== Action item ==
Once you reach the line with "Рис. 2. Схема" below, copy each line exactly, stopping after the line with "Lastenräder gehören in", and skip any pictures.

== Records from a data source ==
--------------------
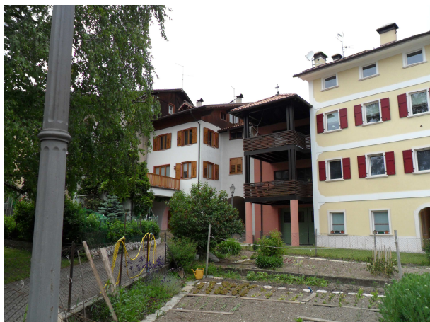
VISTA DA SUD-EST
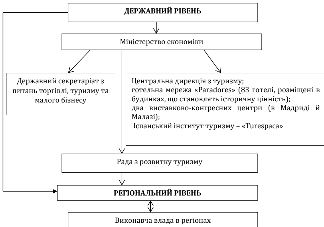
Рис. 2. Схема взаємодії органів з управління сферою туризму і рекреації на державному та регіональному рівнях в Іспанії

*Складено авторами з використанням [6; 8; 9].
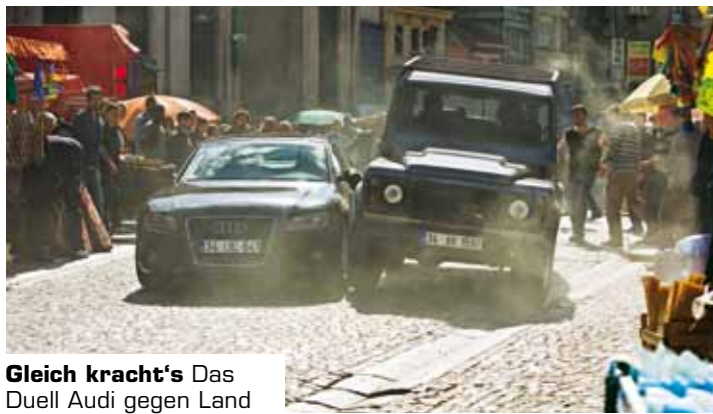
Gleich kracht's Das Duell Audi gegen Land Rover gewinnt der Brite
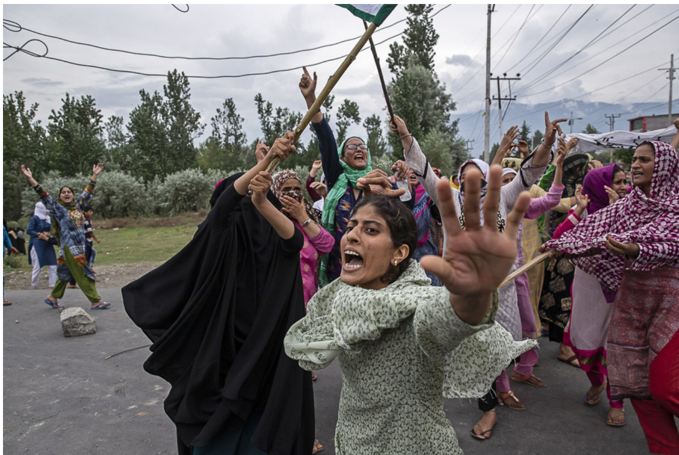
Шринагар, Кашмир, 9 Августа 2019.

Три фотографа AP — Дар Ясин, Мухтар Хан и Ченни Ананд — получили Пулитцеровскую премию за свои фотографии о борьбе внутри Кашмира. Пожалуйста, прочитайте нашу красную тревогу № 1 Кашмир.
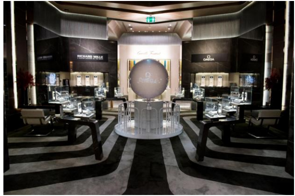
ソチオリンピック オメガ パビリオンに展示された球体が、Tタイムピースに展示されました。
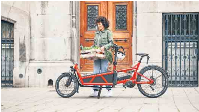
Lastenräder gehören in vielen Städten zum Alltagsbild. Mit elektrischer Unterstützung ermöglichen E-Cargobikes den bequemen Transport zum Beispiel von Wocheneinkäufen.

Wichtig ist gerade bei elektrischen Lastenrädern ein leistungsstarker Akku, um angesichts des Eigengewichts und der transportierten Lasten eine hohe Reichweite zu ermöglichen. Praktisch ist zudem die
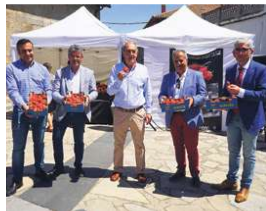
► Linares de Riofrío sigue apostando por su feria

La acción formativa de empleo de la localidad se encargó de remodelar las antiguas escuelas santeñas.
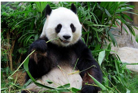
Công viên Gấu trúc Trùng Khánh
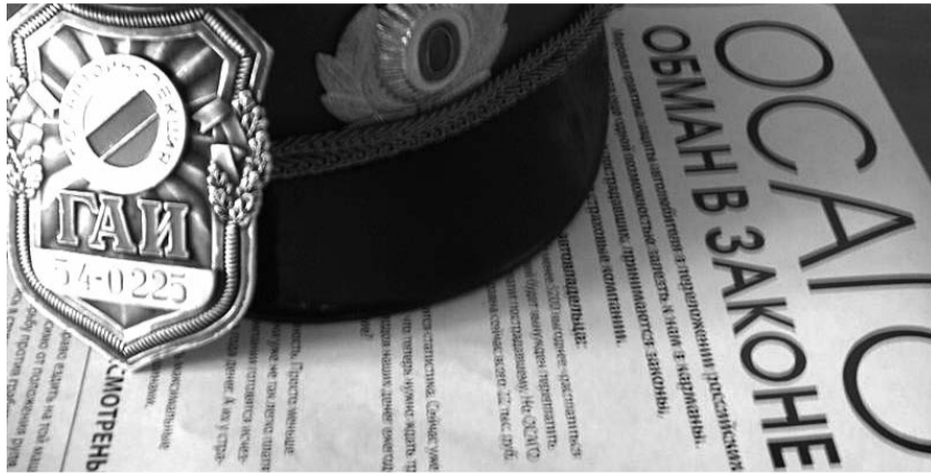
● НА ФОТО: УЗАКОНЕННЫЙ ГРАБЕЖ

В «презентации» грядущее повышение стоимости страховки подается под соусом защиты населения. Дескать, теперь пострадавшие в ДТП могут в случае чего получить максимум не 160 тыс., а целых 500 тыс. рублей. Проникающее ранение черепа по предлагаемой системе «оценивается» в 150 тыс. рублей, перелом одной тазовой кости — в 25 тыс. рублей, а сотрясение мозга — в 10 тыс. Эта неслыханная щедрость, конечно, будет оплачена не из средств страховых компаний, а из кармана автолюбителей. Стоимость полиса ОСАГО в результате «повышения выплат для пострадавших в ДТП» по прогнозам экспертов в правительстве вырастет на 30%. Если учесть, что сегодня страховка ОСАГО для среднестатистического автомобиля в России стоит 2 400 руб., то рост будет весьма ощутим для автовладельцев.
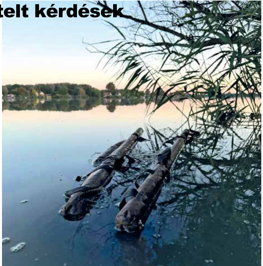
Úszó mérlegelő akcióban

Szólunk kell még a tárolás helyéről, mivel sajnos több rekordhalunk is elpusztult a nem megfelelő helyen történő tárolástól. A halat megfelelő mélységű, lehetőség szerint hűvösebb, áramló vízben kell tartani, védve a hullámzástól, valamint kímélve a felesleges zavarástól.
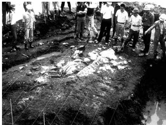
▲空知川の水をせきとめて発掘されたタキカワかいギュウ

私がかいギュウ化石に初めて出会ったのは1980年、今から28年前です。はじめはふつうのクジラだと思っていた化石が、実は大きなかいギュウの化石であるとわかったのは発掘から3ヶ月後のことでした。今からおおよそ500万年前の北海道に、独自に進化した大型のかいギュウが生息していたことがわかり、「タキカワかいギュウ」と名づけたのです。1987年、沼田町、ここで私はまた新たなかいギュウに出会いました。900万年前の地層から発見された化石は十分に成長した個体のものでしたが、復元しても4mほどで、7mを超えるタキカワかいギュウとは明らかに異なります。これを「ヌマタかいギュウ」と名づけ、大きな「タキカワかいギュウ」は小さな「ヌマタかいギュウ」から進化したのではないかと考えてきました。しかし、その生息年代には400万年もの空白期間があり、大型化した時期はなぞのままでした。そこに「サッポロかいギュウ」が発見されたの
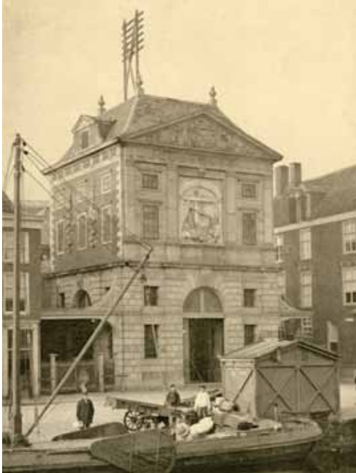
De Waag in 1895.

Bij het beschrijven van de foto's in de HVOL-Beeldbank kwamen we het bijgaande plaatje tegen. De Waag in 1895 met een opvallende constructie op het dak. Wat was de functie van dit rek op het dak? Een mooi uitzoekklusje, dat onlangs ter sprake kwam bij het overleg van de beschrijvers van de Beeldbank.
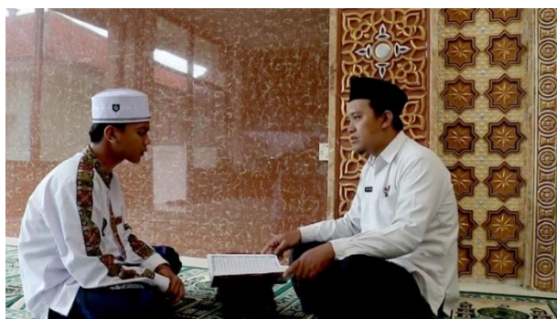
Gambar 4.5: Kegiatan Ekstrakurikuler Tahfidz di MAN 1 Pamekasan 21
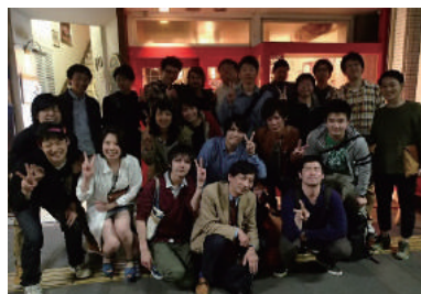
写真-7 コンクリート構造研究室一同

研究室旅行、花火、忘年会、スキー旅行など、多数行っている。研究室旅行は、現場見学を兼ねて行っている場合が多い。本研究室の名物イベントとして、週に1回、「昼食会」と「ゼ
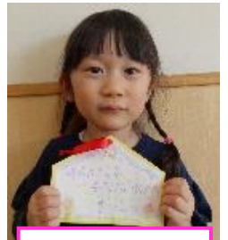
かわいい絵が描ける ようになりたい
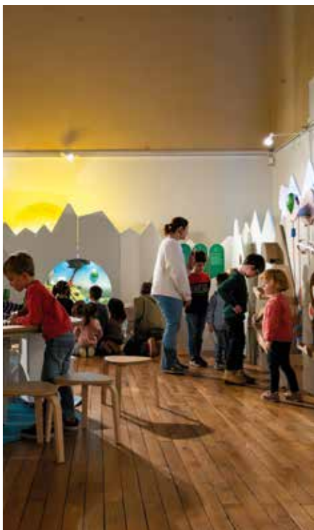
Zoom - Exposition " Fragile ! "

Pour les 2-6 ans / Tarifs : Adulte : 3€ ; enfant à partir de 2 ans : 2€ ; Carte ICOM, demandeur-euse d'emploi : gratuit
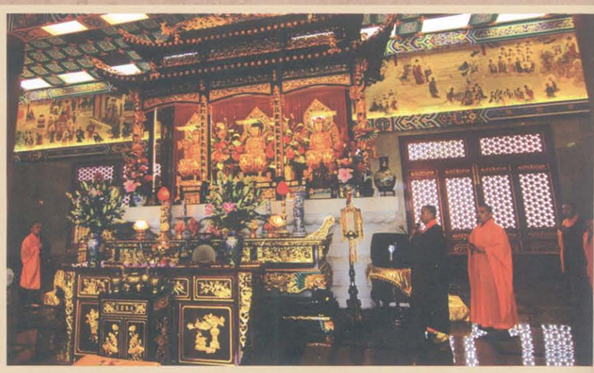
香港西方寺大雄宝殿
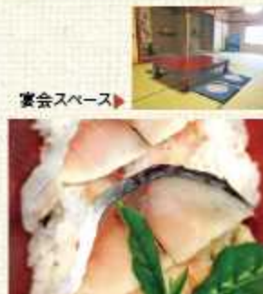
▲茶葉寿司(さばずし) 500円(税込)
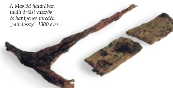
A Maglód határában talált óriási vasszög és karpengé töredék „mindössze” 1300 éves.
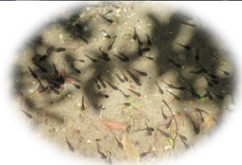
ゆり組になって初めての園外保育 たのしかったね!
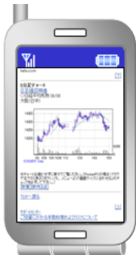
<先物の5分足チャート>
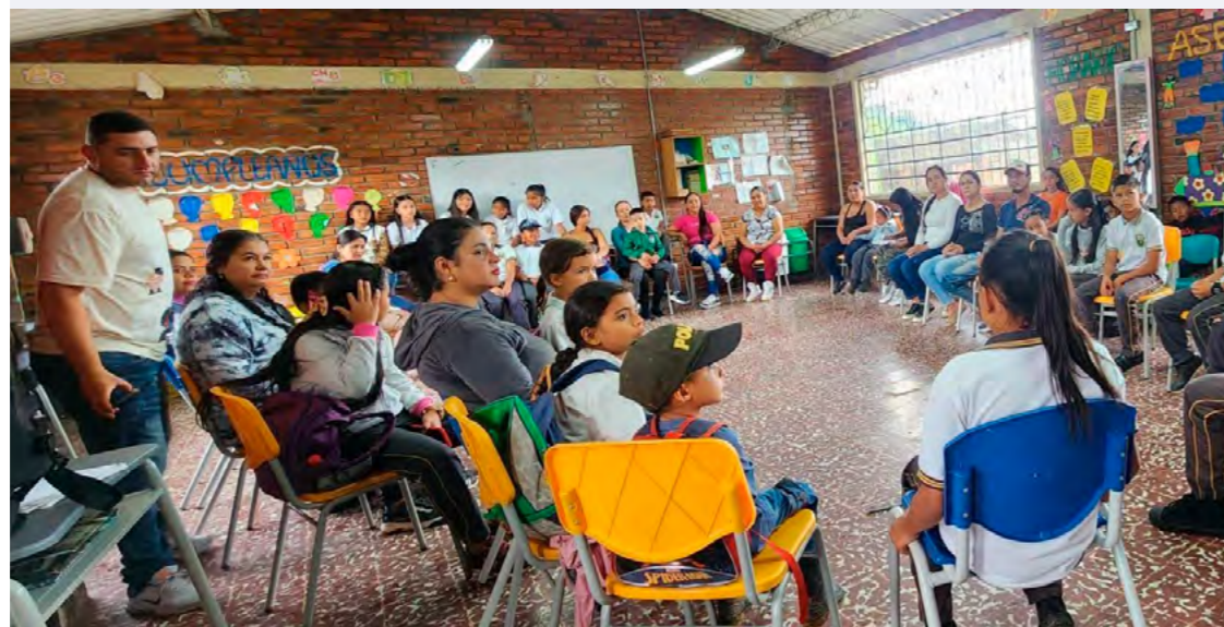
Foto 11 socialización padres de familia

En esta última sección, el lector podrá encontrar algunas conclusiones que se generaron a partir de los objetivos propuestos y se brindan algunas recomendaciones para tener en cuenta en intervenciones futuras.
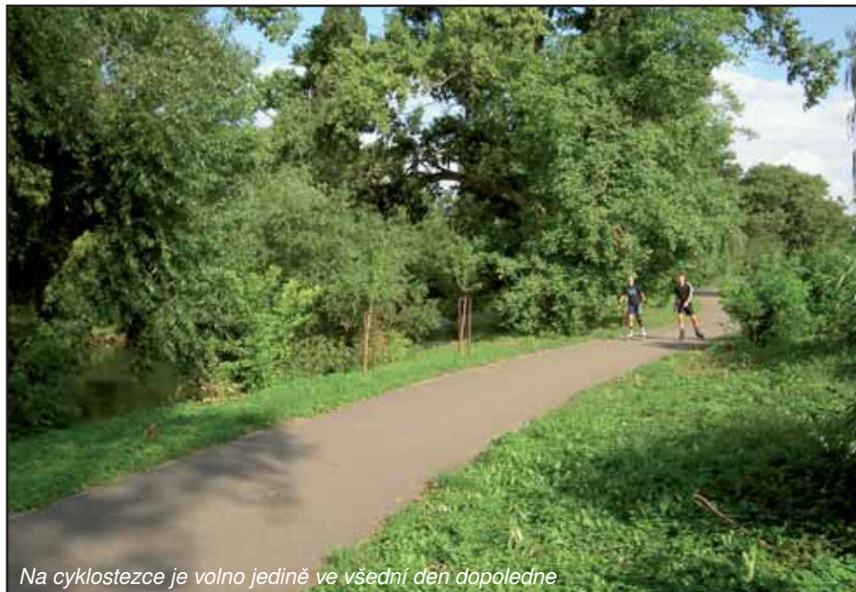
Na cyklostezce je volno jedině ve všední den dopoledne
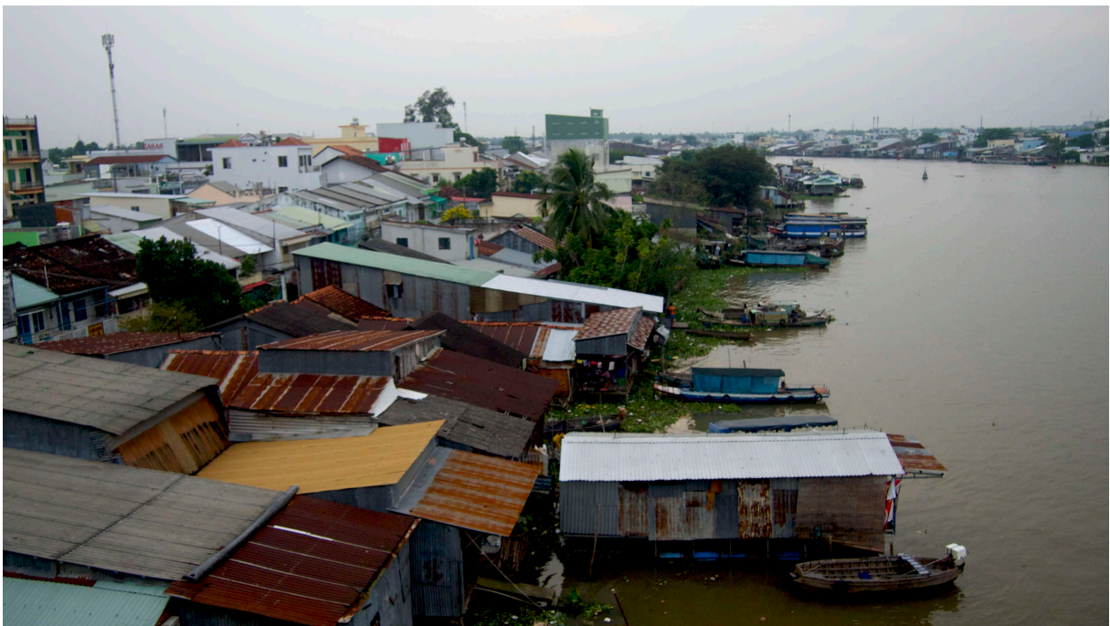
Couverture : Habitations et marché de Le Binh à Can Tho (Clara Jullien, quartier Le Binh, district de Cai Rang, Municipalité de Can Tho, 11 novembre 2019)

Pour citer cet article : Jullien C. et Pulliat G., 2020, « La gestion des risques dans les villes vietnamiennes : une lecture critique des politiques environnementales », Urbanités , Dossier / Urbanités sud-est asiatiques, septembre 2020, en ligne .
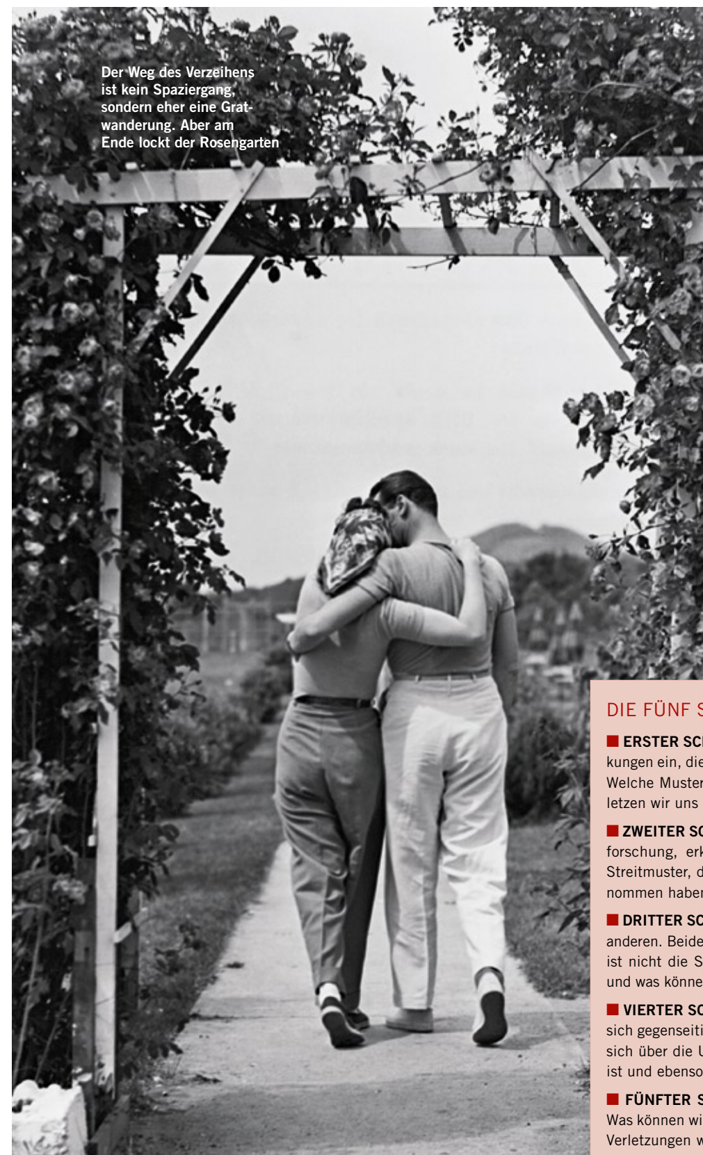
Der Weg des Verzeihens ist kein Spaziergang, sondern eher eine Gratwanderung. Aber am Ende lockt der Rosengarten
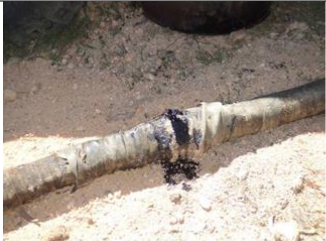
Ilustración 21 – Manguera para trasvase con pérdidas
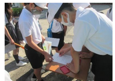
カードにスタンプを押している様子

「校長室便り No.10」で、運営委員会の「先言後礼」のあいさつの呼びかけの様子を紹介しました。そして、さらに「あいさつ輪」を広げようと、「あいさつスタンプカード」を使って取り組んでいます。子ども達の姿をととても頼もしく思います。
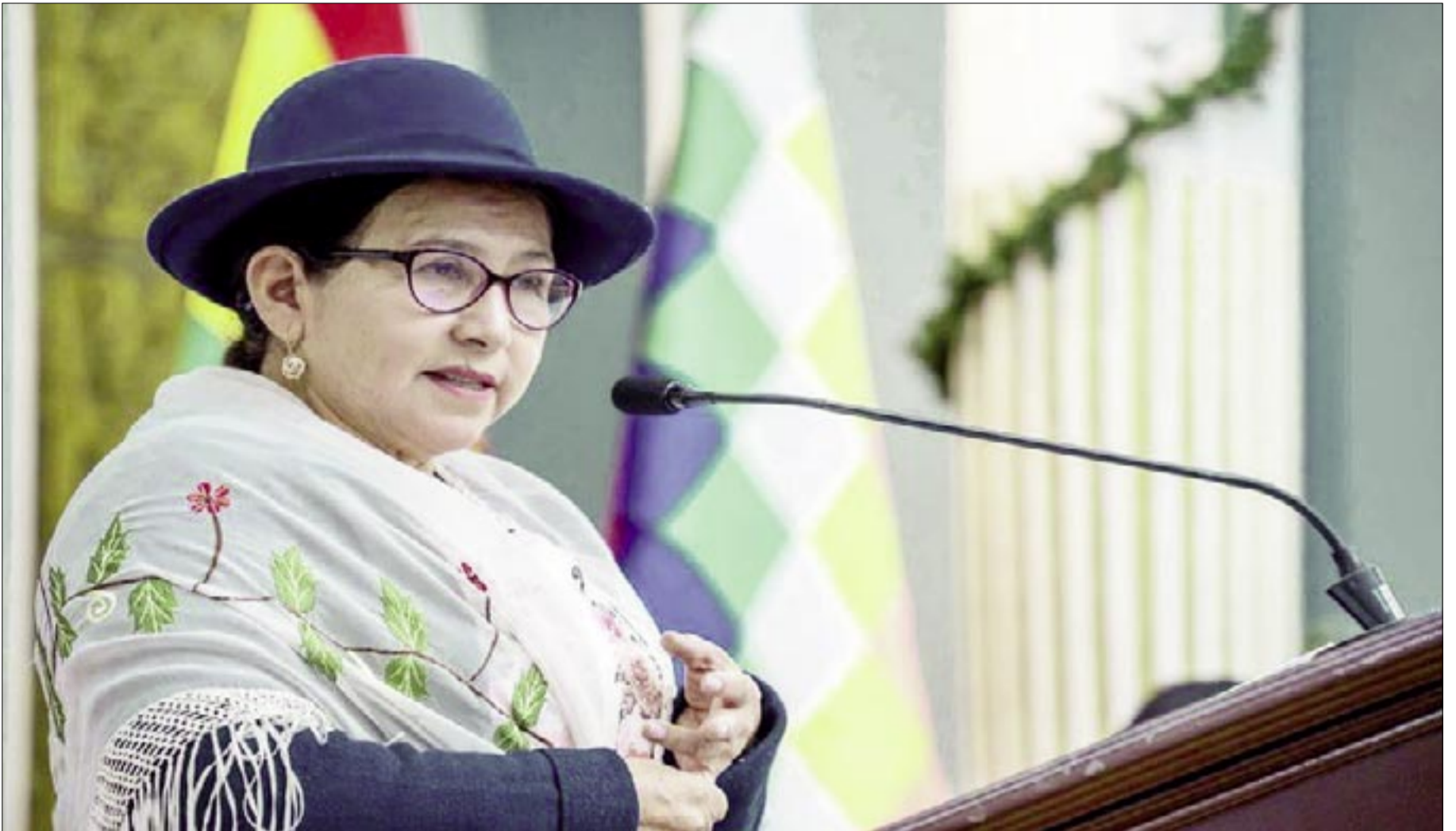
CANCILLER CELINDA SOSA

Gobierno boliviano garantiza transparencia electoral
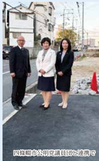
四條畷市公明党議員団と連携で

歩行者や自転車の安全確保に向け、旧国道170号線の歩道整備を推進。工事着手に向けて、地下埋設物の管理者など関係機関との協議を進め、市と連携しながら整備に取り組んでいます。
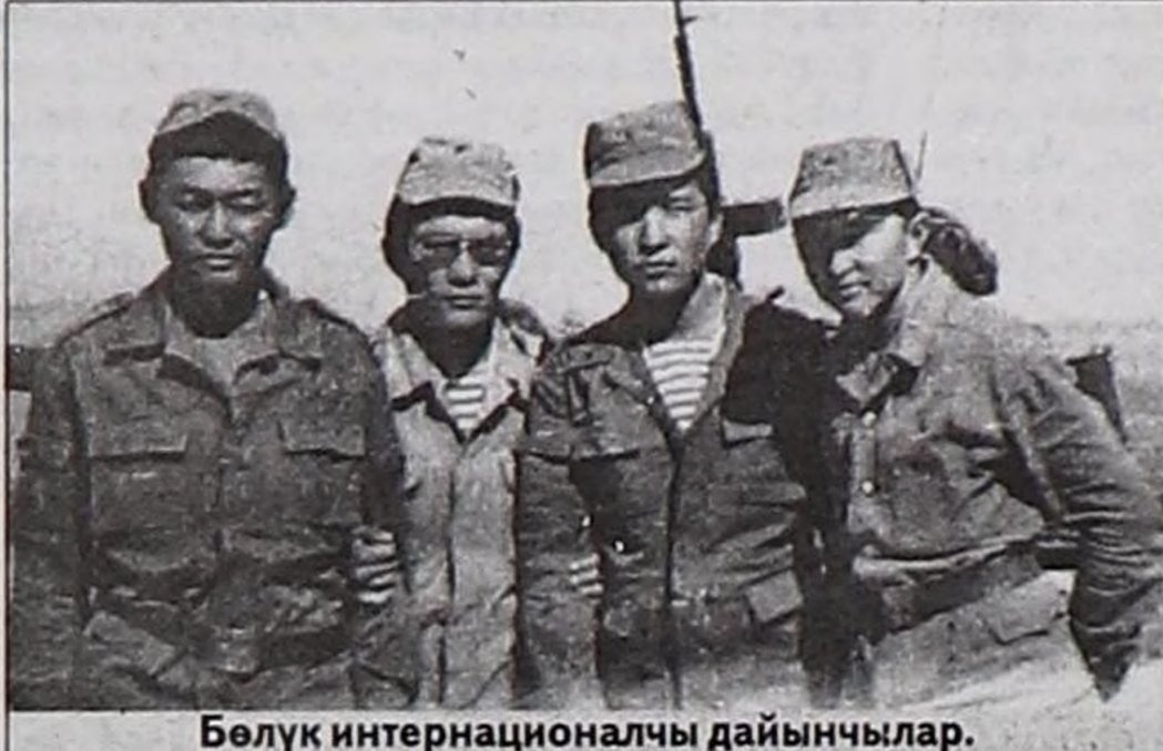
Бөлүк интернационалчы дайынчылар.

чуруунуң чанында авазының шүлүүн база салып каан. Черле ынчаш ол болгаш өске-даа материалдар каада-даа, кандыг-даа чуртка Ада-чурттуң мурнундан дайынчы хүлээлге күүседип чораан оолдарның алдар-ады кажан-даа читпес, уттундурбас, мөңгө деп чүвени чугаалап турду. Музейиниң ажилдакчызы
--------------------
== Expected answer ==
Рис. 2. Схема взаємодії органів з управління сферою туризму і рекреації на державному та регіональному рівнях в Іспанії

*Складено авторами з використанням [6; 8; 9].
Gleich kracht's Das Duell Audi gegen Land Rover gewinnt der Brite
Шринагар, Кашмир, 9 Августа 2019.

Три фотографа AP — Дар Ясин, Мухтар Хан и Ченни Ананд — получили Пулитцеровскую премию за свои фотографии о борьбе внутри Кашмира. Пожалуйста, прочитайте нашу красную тревогу № 1 Кашмир.
ソチオリンピック オメガ パビリオンに展示された球体が、Tタイムピースに展示されました。
Lastenräder gehören in vielen Städten zum Alltagsbild. Mit elektrischer Unterstützung ermöglichen E-Cargobikes den bequemen Transport zum Beispiel von Wocheneinkäufen.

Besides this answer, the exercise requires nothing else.